Вечер. Окна. Люди — страница 80 из 106

В губкоме партии собрались все руководители Карелии, шло заседание, никто оттуда не выходил…

Мы, комсомольцы, не сговариваясь собрались в нашем зале. Было полутемно, горела одна лампочка, и никто не зажигал других.

Соколов появился как-то вдруг. Подтянутый, строгий.

— Комсомол Карелии объявляется мобилизованным, — сказал он. — Шюцкоры и лахтари предательски напали на нас по всей границе, ворвались в Ухту, Ругозеро, Реболы. С помощью местных кулаков захватили, замучили и расстреляли коммунистов и комсомольцев. Садитесь писать повестки: комсомольцам от семнадцати лет завтра — в губвоенкомат, остальным собраться здесь, пойдут в отряды ЧОНа.

Сразу, без расспросов, все грамотеи сели писать повестки. Не было ни удивления, ни потрясения. Нас тогда больше удивлял своими неожиданностями мир — ведь наше поколение с детства знало войну, войну, войну, разговоры о войне, жертвы войны, тяготы войны, одна война переходила в другую, наше сознание складывалось под винтовочный треск и раскаты орудий, мы вступали в жизнь и одновременно в «наш последний и решительный бой», мы только мечтали о том, что когда-нибудь потом люди смогут петь «э т о  б ы л  наш последний»…

Да, но… Ухта, Ругозеро, Реболы. Замучили и расстреляли коммунистов и комсомольцев… Значит, и того немногословного парня, добиравшегося к нам на лодках и плотах из Ребол? И низкорослого, кряжистого паренька с льняным чубом из Ругозера?..

В наступающем очередном бою хотелось только одного — чтобы не запихали в санитарки или телефонистки. Но теперь некому было затирать меня, я сама участвовала в формировании комсомольских отрядов и записала себя в отряд ЧОНа — частей особого назначения.

Каждый вечер мы занимались военным делом на спортплощадке у Лососинки: изучали винтовку, «русскую трехлинейную», разбирали и собирали ее, учились стрелять стоя, с колена и лежа, маршировали и постигали приемы штыкового боя.

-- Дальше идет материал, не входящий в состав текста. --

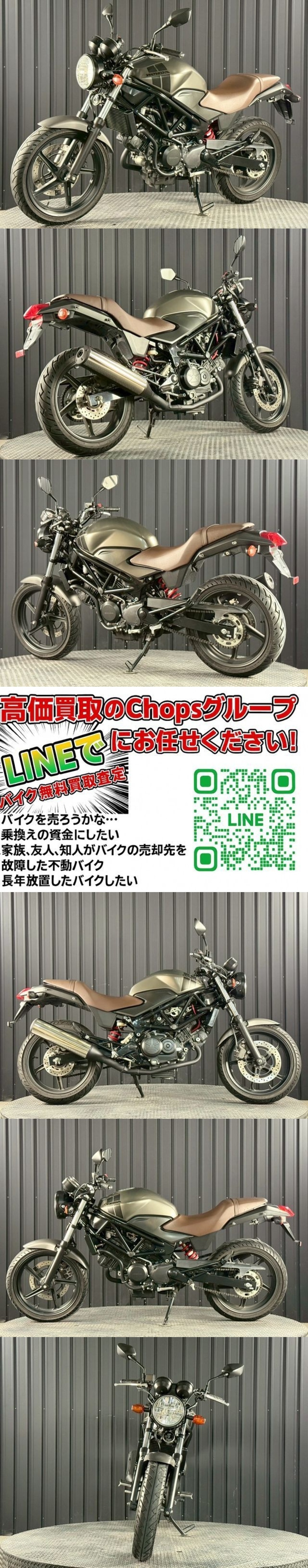| ★こちらの車両は現状販売の車両です★ 現在の価格はご納車前の整備やナンバー登録は行わずに、弊社仕入れたそのままの状態の車両をご購入頂く「現状販売価格」となっております。 従いまして、そのままの状態では道路交通法等の法令に抵触している場合がございますので「現状販売価格」で車両をご購入頂いた場合には、ご購入者様にて適切な整備やナンバー登録を行なって頂いてから公道走行を行なって頂く必要がある点にご留意下さい。 こちらの車両は当社販売店舗または保管倉庫において、直接販売をしています。 また、GOOBIKE等でも展示・併売しております。 ご落札やご連絡をいただいた時点で売約済み・商談中となっている場合もございます。 お手数かとは思いますが、必ず商品説明欄をお読み頂き「電話・LINEにて在庫確認」 又は 「ご来店にて現車確認」をお願い致します。 オークションページの画像以外にも詳細な画像や小キズ等の画像を掲載しております。 【Goobikeでの掲載ページはこちら】 1ヶ月保証/登録代行/整備付等のプランをご希望の場合や、車両状態のお問い合わせ、ご購入の相談、オートローンのご相談等につきましては販売店までお問い合わせください。 〒618-0071 京都府乙訓郡大山崎町大山崎鏡田17 TEL:075-951-8080 Email:buzzbike8080@gmail.com 営業時間:10:30~19:00 定休日:第1.3.5火曜日、毎週水曜日 より詳細な写真や動画は、LINEからもお送り出来ますので、お友達登録後、こちらのページの情報をお知らせください。 ID:@849xghmf 【Goobikeでの掲載ページはこちら】 ●登録・書類について 表示価格は現状販売での車両本体価格になりますので、登録代行・車検をご希望の場合、ご納車までに別途諸費用が必要です。 詳しくは販売店へご相談ください。 ・現状販売の場合 車検切れ車両/車検なし排気量の車両廃車証(返納証明書)と譲渡証をお渡しいたしますので、購入者様にてご登録手続き等をお願いいたします。 車検が残っている車両:名義変更が完了してから車両をお渡し(配送手配)をいたします。 弊社で整備や登録、車検、名義変更手続きを代行する場合は別途費用をいただきます。 ●現車確認は随時受け付けております。現車を確認せずにご落札・ご購入いただいた場合、掲載していない不具合含め如何なるクレームも承ることはできません。あしからずご了承くださいませ。 ●現車確認ご希望の方は、直接販売店までお問い合わせください。 ★で落札・お取引きいただく場合★ 落札いただいたとしても、店頭で商談中・売約済みの場合やバイクショップ様・業者様にて売約の場合もあります。店舗での販売を優先しています。 入札前には必ず在庫の確認をお願いします。 でご落札いただいた場合は現状販売のみでのお引渡しとなります。 追加料金をいただいても整備等は承ることができませんので、あらかじめご了承くださいませ。 整備や登録等をご希望の場合は販売店にてご契約をお願いいたします。 ご納車前の整備やナンバー登録は行わずに、弊社仕入れたそのままの状態の車両をご購入頂く「現状販売車両」となっております。 従いまして、そのままの状態では道路交通法等の法令に抵触している場合がございますので「現状販売価格」で車両をご購入頂いた場合には、ご購入者様にて適切な整備やナンバー登録を行なって頂いてから公道走行を行なって頂く必要がある点にご留意下さい。 ●書類について 車検なしの車両、車検切れの車両については、廃車証(返納証明書)と譲渡証をお渡しいたします。 で落札された場合、登録代行、車検、予備検査等はいたしません。 車検が残っている車両は名義変更が完了してから車両をお渡し(配送手配)をいたします。 ●車両のお引渡しについて 発送地域・方法が確定してから送料をご案内いたします。 ①アイラインさんまたは弊社指定の配送業者さんによるご自宅まで配送 ②BASさんによるデポ間配送 ③高槻市の弊社倉庫にてお引渡し ①または②の配送でお渡しの場合、お手元に到着した時点で商品の確認をしてください。 商品状態は目視で確認できた状態を記載させていただいております。 下記に記載しておりますが「停止状態での車両チェック」が基本の現状販売となります。 配送の場合は「配送業者より受け取り、受領サインをする前」に必ずご連絡ください。 ※「配送業者より受け取り・受領サイン後」は一切補償ができませんのでご注意ください。 ★現状販売の注意事項 中古車両ですので、サビ、キズ、ワレ、汚れ、経年劣化、カメラ、PC環境による色味の違い、また価値観の違いも含めて感じ方の相違は必ずあります。 神経質、几帳面な方、店頭販売の中古車と同じクオリティーをお探しの方などはご入札されない様お願い致します。 見落とし、記載もれなどありましても現物優先になりますので細かいキズなどが気になる方は現物確認に是非お越し下さい。 陸送による納車の場合、長い時間トラックで運ばれて移動するため車両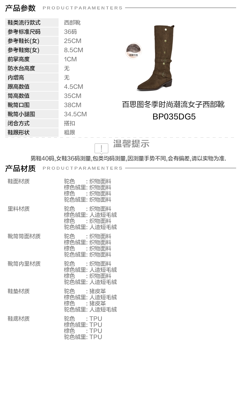• 百思图2025冬季新款西部靴时尚复古潮流粗跟女长靴BP035DG5

Было интересно, весело, над ошибками и неудачами смеялись, иногда казалось, что такая у нас новая, нестрашная игра… Но фронт где-то совсем близко, там идет борьба среди лесов, озер и болот с противником, хорошо знающим эти места и чувствующим себя уверенно именно в лесах, среди озер и болот. И где-то там, в 11-й Петроградской дивизии, наступающей в направлении Ребол, — Палька Соколов…

НАДО СТАТЬ КЕМ-ТО?..

Мне светло наедине с тем временем и с девочкой, которая тогда начинала жизнь, я всматриваюсь в нее издалека. Как в хорошо знакомую — и только. Я многое знаю о ней — это помогает воссоздать строй мыслей и чувств, присущих отнюдь не ей одной. Но меня томит тревога: возникает ли в моих клочковатых записях, хотя бы частично, само время, великое и сложное? Дойдет ли до читателей его жесткий свет, грубость и сила его формующих ладоней, неотпускающий накал его пламени, закалявшего сформованные им души?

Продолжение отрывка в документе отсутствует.